> Source information:
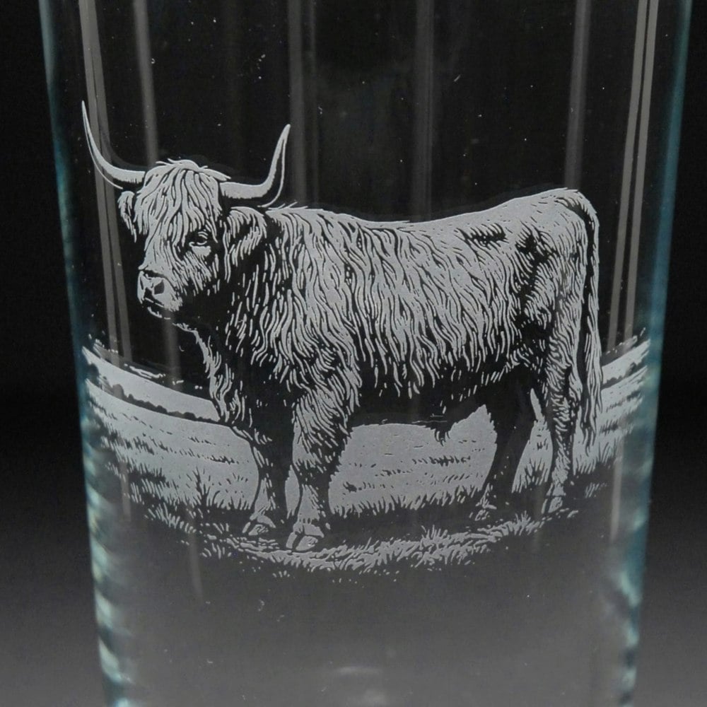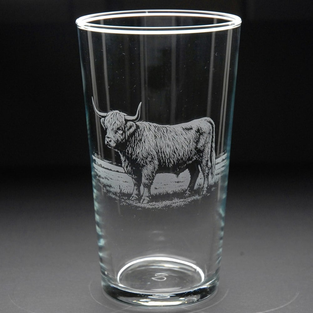 This Highland Cow Pint Glass is hand-etched with a stunning design of a Highland Cow, making it the perfect gift for Highland Cow lovers.
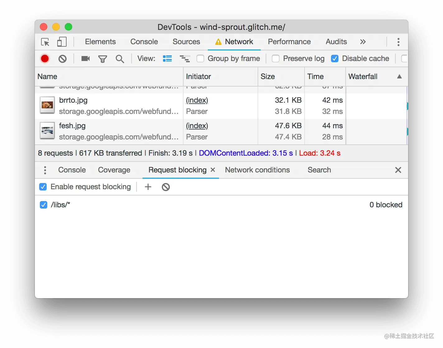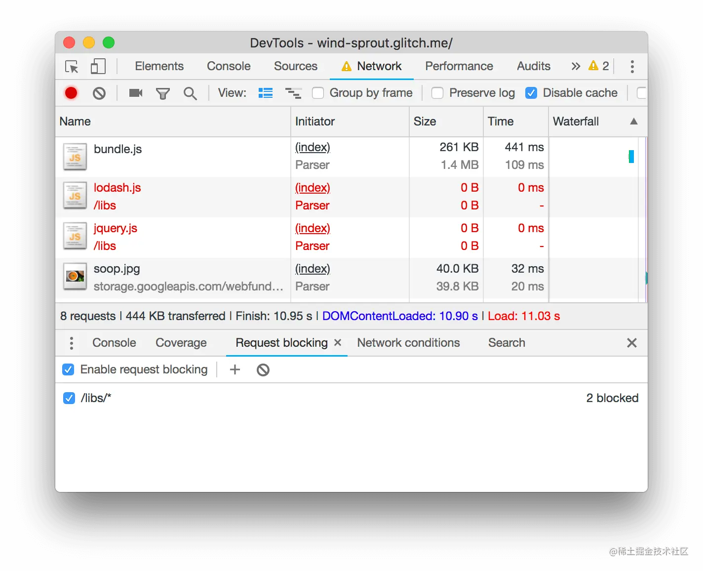 - 重新加载页面。jQuery和Lodash的请求是红色的,意味着它们被阻止了。页面仍然在加载,并且是交互式的,所以看起来根本不需要这些资源。
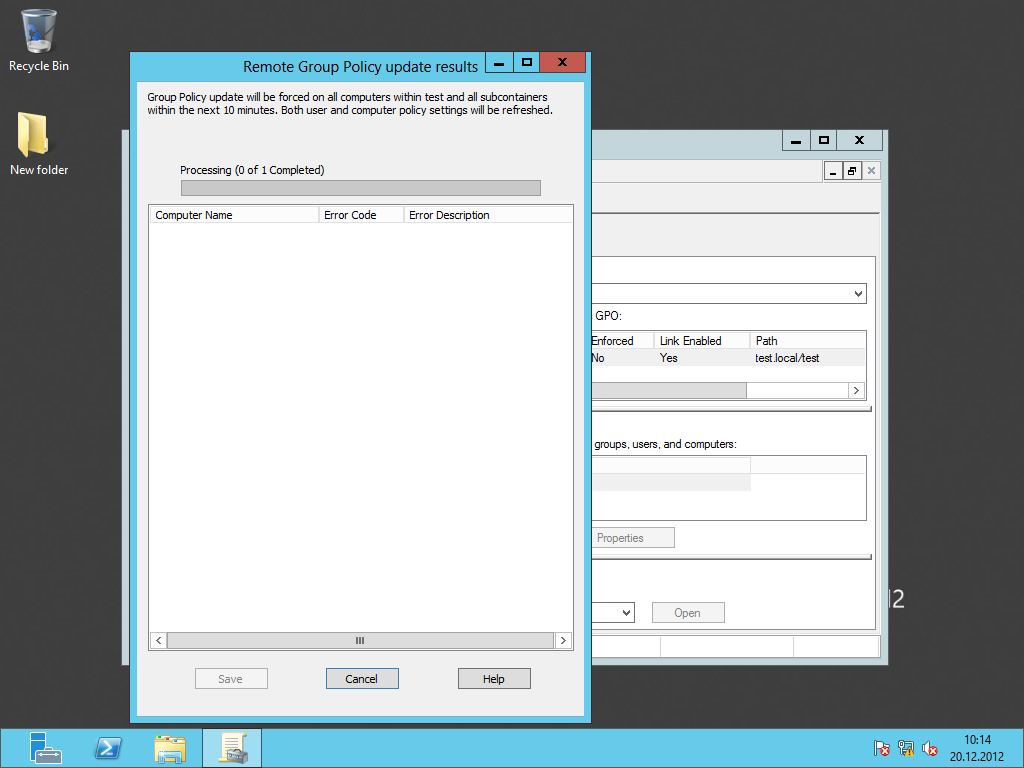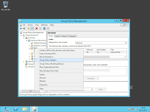Server 2012 ile gelen başka bir yenilik ise clientlara bağlanmadan GP update yapabilmemizdir.Server 2012 alt versiyonlarında group policy üzerinde yaptığımız herhangi bir değişiklikte client üzerinde gpupdate yada gpupdate /force yapıyorduk.Server 2012 ile birlikte GP management arayüzünden bu işlemi geçerli group policy’nin bağlı olduğu OU da GPUPDATE yapabiliyoruz.
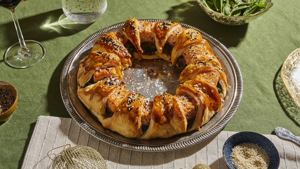 Bekleed een springvorm (26 cm diameter) met bakpapier. Plaats de eerste driehoek op de springvorm, zodat de lange punt naar buiten wijst en de korte zijde de rand met ongeveer 2-3 cm overlapt. Plaats de volgende driehoek op dezelfde manier, zodat deze ook de eerste driehoek overlapt. Ga zo door totdat alle driehoeken op de springvorm liggen. Verspreid het spinazie-paddenstoelmengsel over het bladerdeeg in een cirkel. Leg de zalmblokjes op het mengsel en begin de lange punten van buiten naar binnen te vouwen, zodat ze over de vulling komen te liggen. Druk de punt een beetje onder het bladerdeeg voor betere stabiliteit. Ga op deze manier door met alle driehoeken totdat je een gevulde krans hebt.
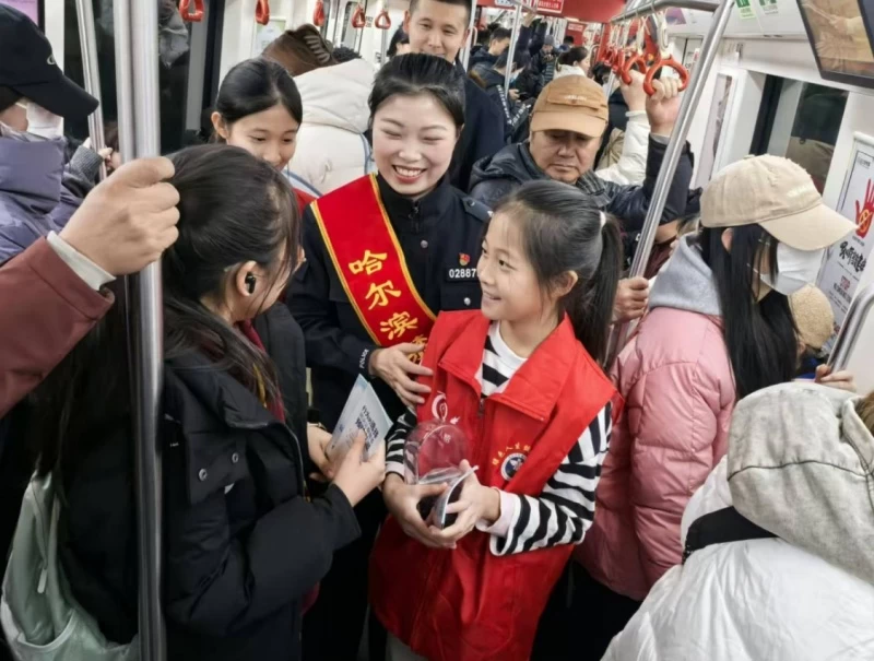 地铁站厅里,“龙江好人帮”志愿者们策划的禁毒防艾“快闪”活动,更是让安全知识“活”了起来。没有复杂的流程,志愿者们一开口就是接地气的顺口溜:“糖果奶茶要分清,不是零食是陷阱;防艾知识记心间,健康生活乐无边!”朗朗上口的句子刚落,就引来候车乘客的阵阵回应。志愿者们趁机递上宣传折页,还发起了“小问答赢小礼品”的互动——“新型毒品最常见的伪装是什么?”“艾滋病的主要传播途径有哪些?”问题一抛出,乘客们纷纷举手抢答,答对的市民接过志愿者送上的红丝带,当场就系在了手腕上。
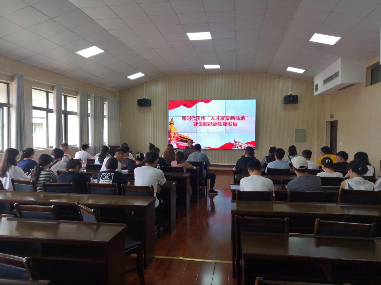 本网讯:(谭健 图文报道)6月25日中午,院长邓明森为全体研究生党员上了一堂题为《新时代贵州“人才聚集新高地” 建设赋能高质量发展》的专题党课。
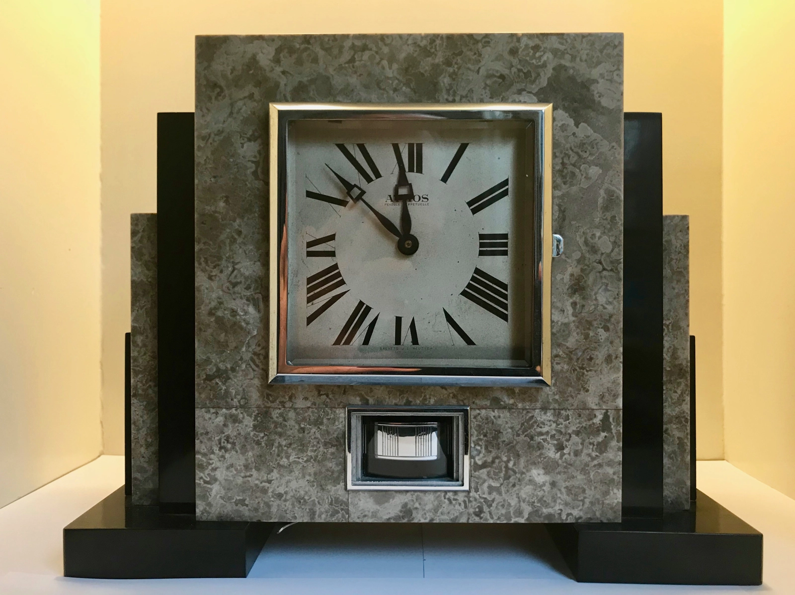 M226 Nickel art deco J.L. Reutter Atmos four-glass atmos clock, tall version
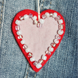 - Kiinnitä ripustuslanka: Pujota neulanpistolla lanka huovan läpi ja solmi päät. Jos kiinnität heijastimeen neulan, liimaa se huolellisesti. Avainlenkkiin heijastin pujotetaan varovasti, ettei huopa repeä. Jos lenkki on kovin tiukka, pyydä apua vahvasormiselta.
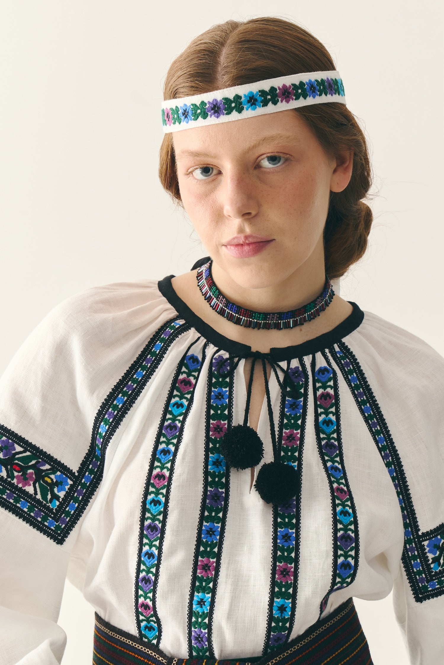 Кохта з оксамитом "Кодимська" / Сірий / 10% вовна, 24% віскоза, 64% ПЕ / M-L - Сіра спідниця з вишитим поясом "Вінницька" / Сірий / XS / 10% вовна, 24% віскоза, 64% ПЕ - Традиційна коротка сорочка "Кодимська" / Молочний / 30% льон, 70% віскоза / XS-S - На
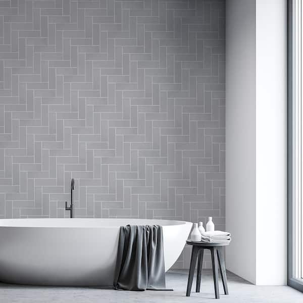 • Neutral gray mosaic in an easy to install herringbone pattern
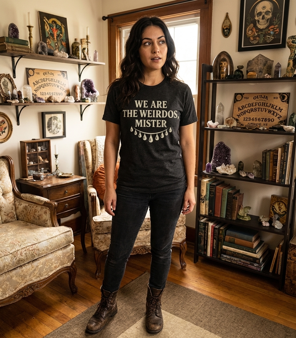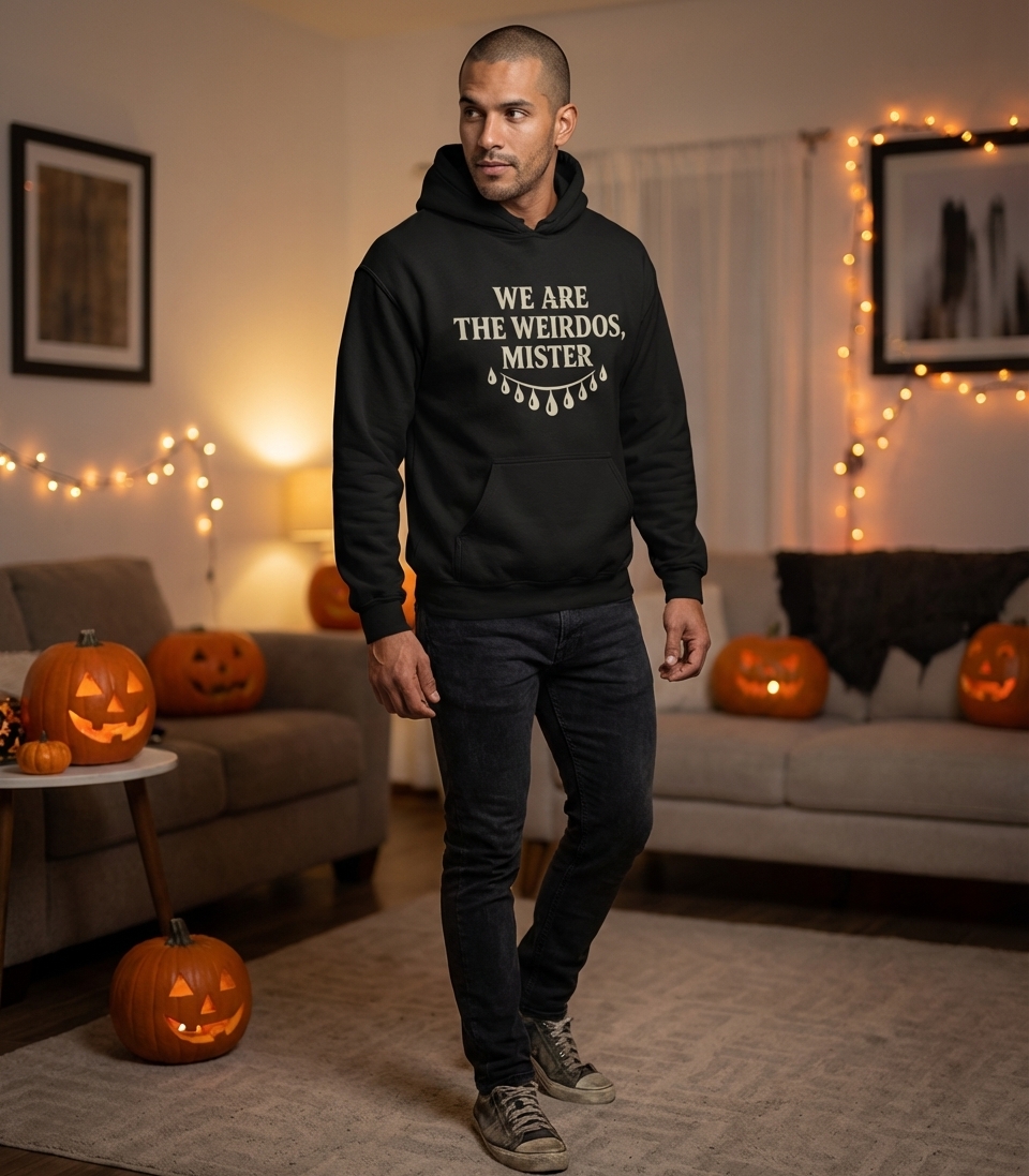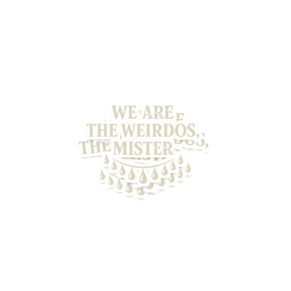 This striking design features the iconic phrase "We Are The Weirdos, Mister" in a distressed, vintage-style font. Below the text, a garland of dripping teardrop shapes adds a touch of melancholic charm and gothic appeal. It's a powerful statement piece for those who march to the beat of their own drum.
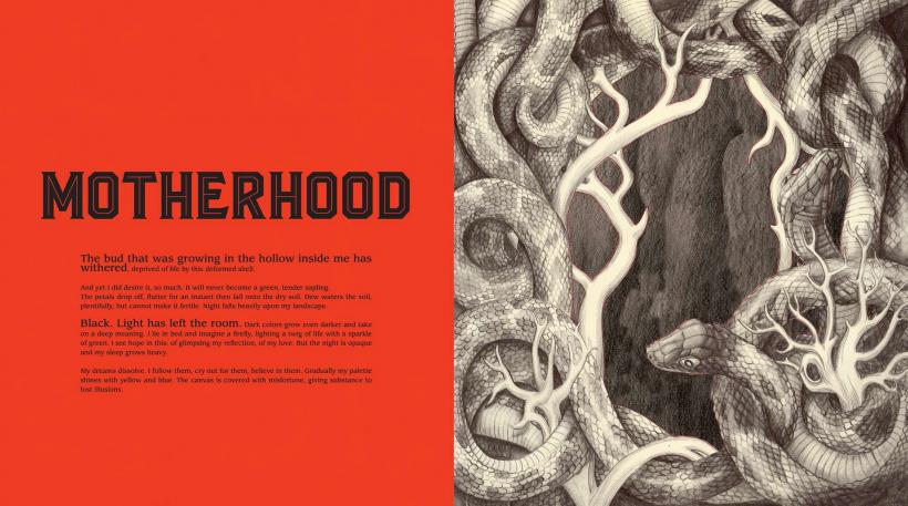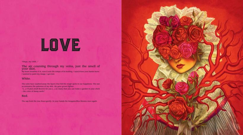 Through a series of consecutive die-cut pages, one is drawn in - passing through aspects of her life, art and creative process while exploring the themes that inspired her most, such as love, death and maternity.

> Exercise: Copy word for word the lines of the records above from the one with "install herringbone pattern" up to and including the one with "This striking design". Skip the pictures.

> Answer for the task:
 • Neutral gray mosaic in an easy to install herringbone pattern
 This striking design features the iconic phrase "We Are The Weirdos, Mister" in a distressed, vintage-style font. Below the text, a garland of dripping teardrop shapes adds a touch of melancholic charm and gothic appeal. It's a powerful statement piece for those who march to the beat of their own drum.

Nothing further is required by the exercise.